An SDDC will have a number of appliances that manage different aspects of the infrastructure.

Ideas to consider:

  • Use private DNS resolution for vCenter & HCX Manager so that these appliances are accessed from the on-premises network. SRM, vSphere Replication & NSX Manager only support private DNS and private IP connectivity, although NSX Manager can be accessed through the VMC console as well.
  • Link an on-premises identity source to vCenter using either the Cloud Gateway appliance or an LDAP connection, to use existing accounts for access to vCenter.
  • Adding individual user accounts to the Administrators group, rather than importing an Active Directory group, helps separate authorization from authentication, reducing attack vectors in case of Active Directory compromise.
  • Use tiered access models where everyday tasks can be handled by regular accounts/group access, but any privileged access should use a separate account, individually added to the vCenter group.
  • If HCX has been enabled on the SDDC, remove any unused Public IPs (for example if HCX is being connected over a Direct Connect).
  • Access to management components should not depend solely on IP address restrictions, as the compromise of an administrator desktop often also includes the compromise of the administrator’s credentials, too. A bastion host or “jump box” solution may be implemented with multi-factor authentication. The Management Gateway firewall should then have appropriate restrictions on management services, allowing only the bastion host access. Appropriate hardening and monitoring should be applied to bastion hosts, including considerations for the compromise of an organizations central Active Directory or authentication source.
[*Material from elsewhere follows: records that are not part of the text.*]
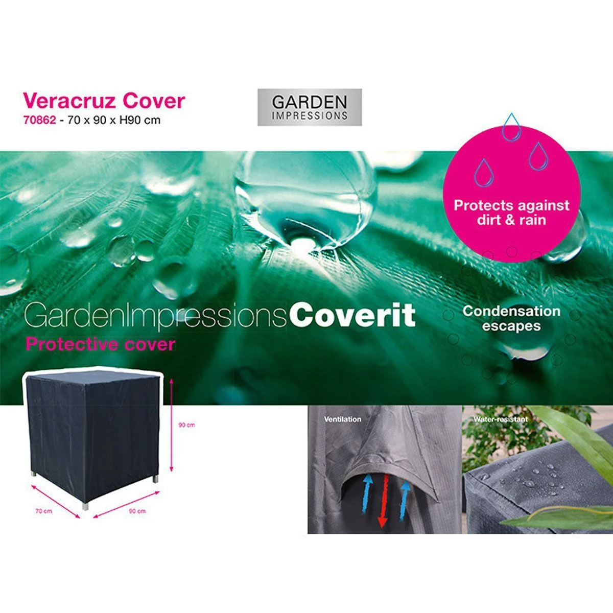 Ben je op zoek naar een beschermhoes voor jouw Santa Rosa relax fauteuil? Deze prettige beschermhoes van kwaliteitsmerk Garden Impressions zorgt ervoor dat je langer plezier zal hebben van jouw tuinmeubelen. Om de levensduur van je tuinmeubelen te verlengen, raden wij aan om deze af te dekken in de wintermaanden. De beschermhoezen van Garden Impressions zijn gemaakt van hoogwaardig polyester met een ademende coating. Deze coating zorgt ervoor dat hoes waterbestendig is. De hoes is niet volledig waterdicht, maar waterafstotend. Het is een flexibele ademende coating, waardoor de hoes in de wintermaanden ook nog flexibel blijft. Doordat de hoes niet volledig waterdicht is, is aan te raden om een afstand te creëren tussen het tuinmeubel en de hoes. Het water kan er dan gemakkelijker afstromen en het tuinmeubel kan niet verstikken. De beschermhoes is voorzien van ventilatie driehoeken zodat het tuinmeubel kan ademen. De hoes kan gemakkelijk om de Santa Rosa stoel worden bevestigd. Op alle hoeken zit onderaan een elastieken band om de hoes strak te houden. We raden je aan om de kussen niet onder de hoes te laten liggen. Mocht de kussens al nat zijn geworden, is dat niet erg maar zorg er wel voor dat ze droog worden opgeborgen. Beschermhoes voor de Santa Rosa stoel met afmeting 70x90xH90 cm.
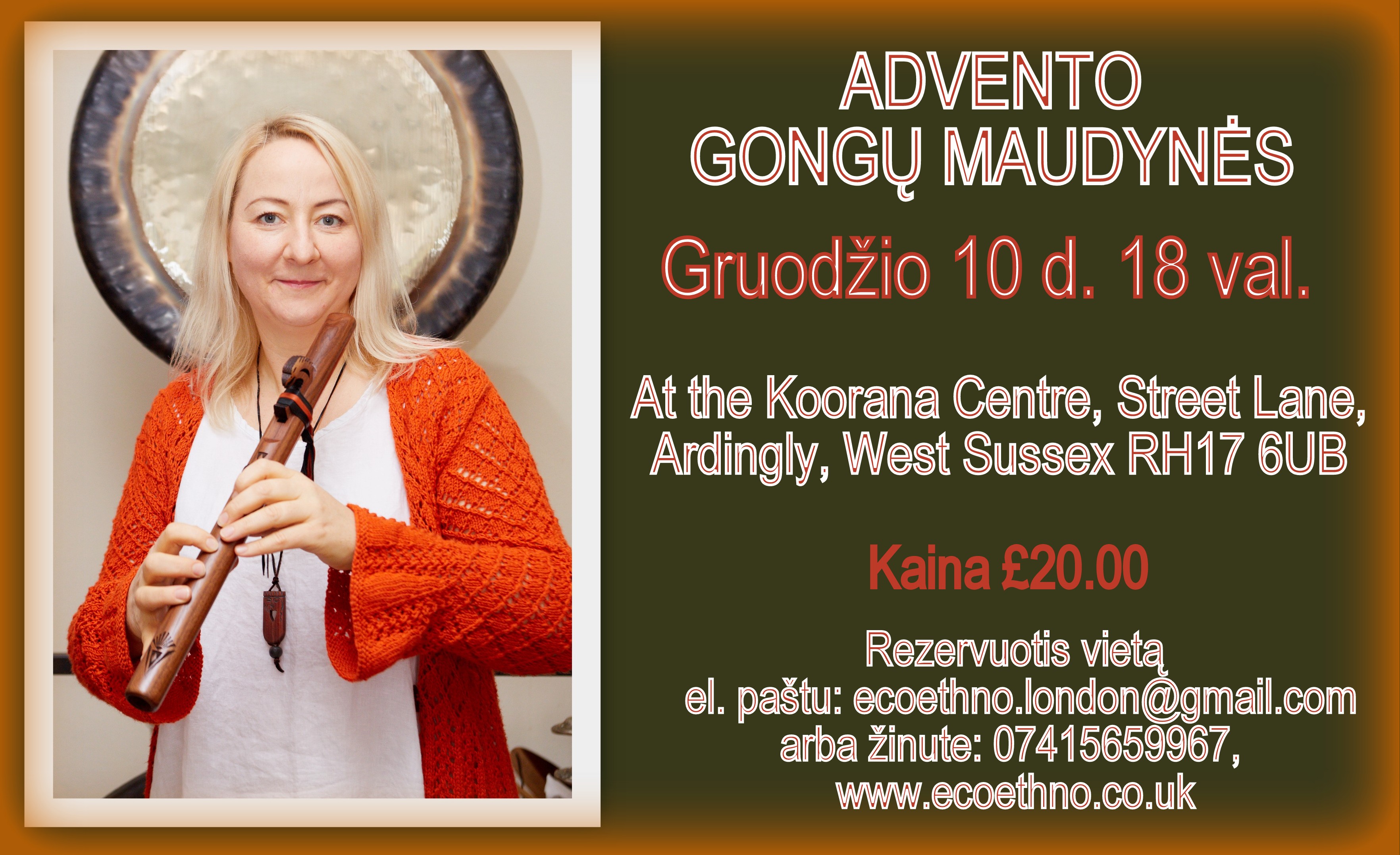 Bilietai: „Gongų maudynių“ kaina 20 GBP. Vietų skaičius ribotas, todėl būtina išankstinė registarcija tel.: 07415659967 (Birutė) arba el. paštu: ecoethno.london@gmail.com. Mokėti galima atvykus arba iš anksto pavedimu: http://www.ecoethno.co.uk/product/sound-therapy-meditation-gong-bath-10th-december-6-00-p-m-at-the-koorana-centre/.
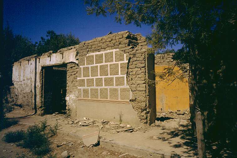 A lone front wall, built from Adobe like
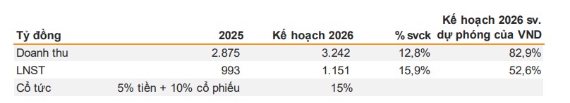 • Kế hoạch kinh doanh 2026: Hà Đô đặt mục tiêu doanh thu 3,242 tỷ đồng (+13% yoy) và lợi nhuận sau thuế 1,151 tỷ đồng (+16% yoy). MBS dự phóng LNST đạt 1,101 tỷ đồng (+56%), trong khi Vietcap thận trọng hơn với 860 tỷ đồng (+22%).

Use of separate administrator accounts is also recommended as a way to help identify the presence of attackers. The compromise of an administrator’s regular desktop account would not automatically lead to the compromise of infrastructure, and may force the attacker to generate login failures which can be monitored.
  • Limit connectivity to the SDDC’s ESXi hosts for destinations using the services required:
  • vMotion can be proxied through HCX for a controlled, secure channel.
  • VM Remote Console access is proxied through vCenter Server. Direct access to ESXi hosts by VM administrators is not required nor desired. Workload administrators should access guest OSes using Remote Desktop console functionality, or through direct SSH to the guest OS. This helps simplify firewall rulesets and access control for both the workload and the infrastructure.
  • IPFix data will originate from SDDC ESXi hosts, and traffic should be restricted through the on-premises firewall to only the IPFix collectors.
  • Port Mirroring traffic also originates from the SDDC ESXi hosts in a GRE tunnel, and traffic should be restricted through the on-premises firewall to only the necessary ERSPAN destinations.
  • vSphere Replication traffic will originate from the SDDC ESXi hosts and traffic should be restricted through the on-premises (or destination SDDC Management gateway) firewall to only the necessary vSphere Replication appliances where VMs are being protected.